Your current and former clients are not bound to you. As they realize that you are part of the problem, they may or may not respect the rules which you refuse to respect. Where they may be offered settlements to remain quite about your misconduct, they may choose to cooperate with others to have you disbarred, even if you are unrelated to the NSA issues.
The key will be to notice patterns and changes. The public can notice trends. Where your peers fail, you will have a harder time gaining the trust of clients in other areas. Congratulations, where you failed in one area, the public has less confidence in all areas. This is a credibility problem. It is a spreading cancer. It is your problem. You cannot stop this unless you assert your oath to the Constitution and police your own. If you fail, you can be made to fail in other areas.
Reviewing Attorney Motions and Public Statements
The problem the American legal community has is that their work products are public. They’re called public documents or motions.
It is possible to review these writings and gather important information useful in securing their disbarment.

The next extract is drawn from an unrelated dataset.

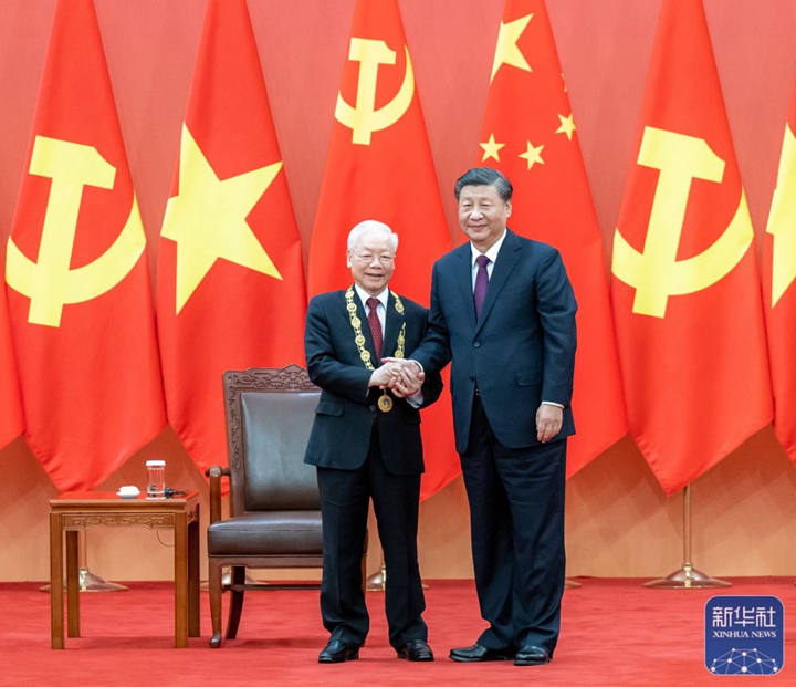 习近平发表讲话。习近平指出,阮富仲总书记是坚定的马克思主义者,是中国共产党的亲密同志和真诚朋友。在阮富仲总书记高度重视和亲自推动下,中越两党两国传统友谊得到巩固,政治互信不断增强,务实合作持续深化,交流互鉴日益密切。“友谊勋章”代表了中国共产党和中国人民对阮富仲总书记和越南人民的友好感情,象征着中越“同志加兄弟”的深厚情谊,蕴含着两党和两国人民共同追求美好未来的殷切希望。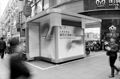 記者所見的這個“七彩之心”站亭,屬于外建站,地處徐匯區(qū)商業(yè)街“永新坊”,不過7平方米,主要材料為耐高溫、耐潮濕、耐風雨的彩鋼板。外形四四方方,看上去,與東方書報亭差不多大小,主色調(diào)為白色,四周邊沿則以七色裝飾,如彩帶縈繞。正面卷簾門板上,印著志愿者標志——七彩的志愿者之“心”,“上海世博會城市志愿服務(wù)站”幾個大字十分醒目。左、右兩側(cè)的門板上,同樣繪有世博會標志和志愿者標志,以及世博會志愿者口號:“世界在你眼前,我們在你身邊”。在站亭的正上方,有一條LED滾動顯示屏,滾動著“城市,讓生活更美好”等宣傳標語。

Reviewing the Attorney Standards of Conduct
As you review the work products and statements, your job is to carefully compare what you are learning with the requirements. Remind yourself of the results: That we have a legal community that defies their oath refuses to police their own. It is our job to throw this mess back at them.
Compare what they are doing and saying with the professional standards of conduct.
Sometimes attorneys will privately settle a legal malpractice issue, rather than go to court. The public is harmed when we do not learn of the abuses, and the issue is not publicly discussed. The results are what we have: An abrogation of the US Constitution, and a refusal by thee ABA to timely, adequately police the arguably reckless attorneys associated with DoJ, Addington, Gonzalez, and the outside legal counsel associated with AT&T and the NSA.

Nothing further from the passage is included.